The Accent Group Ltd (ASX: AX1) share price has been well and truly out of form in 2022.
Since the start of the year, the footwear-focused retailer's shares have fallen 46% to $1.32.
Is the Accent share price good value now?
The good news for investors is that one leading broker believes the weakness in the Accent share price has dragged it down to a very attractive level.
According to a note out of Bell Potter, the broker has reiterated its buy rating and $2.20 price target on the company's shares.
Based on the current Accent share price, this implies potential upside of 67% for investors.
But it gets even better as Accent traditionally shares a good portion of its profits with shareholders. Bell Potter doesn't expect this to change and is forecasting payout ratios of ~80% for FY 2022 and FY 2023.
This is expected to lead to fully franked dividends per share of 5.8 cents in FY 2022 and then 10.7 cents in FY 2023. This implies potential yields of 4.4% and 8.1%.
Why does Bell Potter rate it as a buy?
Bell Potter notes that Accent's shares are trading at a lowly 9.8x estimated FY 2023 earnings. It believes this is too cheap considering the company's dominant market position in the Australian footwear market (~30% market share) and its significant opportunity in athleisure. It explained:
AX1 is currently trading on 9.8x FY23e P/E (BPe) which we think looks conservative given its dominant market share in the Australian footwear retailing industry and growth outlook in the youth focused sports apparel vertical.
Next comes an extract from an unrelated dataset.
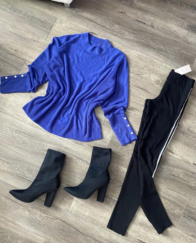 💙Теплий синій светр💙 та чорні лосіни зі смужкою Ціна: светр 299грн, лосіни 380грн Розмір: Светр - Л(М можна як овер сайз) Лосіни - З Стан: ідеальний
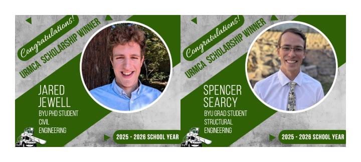 L) Jared Jewell is currently pursuing a PhD in civil engineering with a focus on concrete materials at BYU. “When I am not working with concrete or writing about it, I enjoy backpacking and playing with my kids. I am grateful to the URMCA for supporting my education and promise to make good use of this opportunity. My studies will provide me with the knowledge to help our industry confidently adopt new materials, particularly natural pozzolans, thereby improving our concrete.”

We think AX1 has a long runway ahead in terms of the athleisure market opportunity and is well placed to gain share given its accelerated vertical sales strategy. We sit ~6% ahead of consensus NPAT expectations for FY24e primarily driven by higher store based revenues & vertical sales assisted by the Glue Store roll out which in our view should see overall margin expansion through the medium term.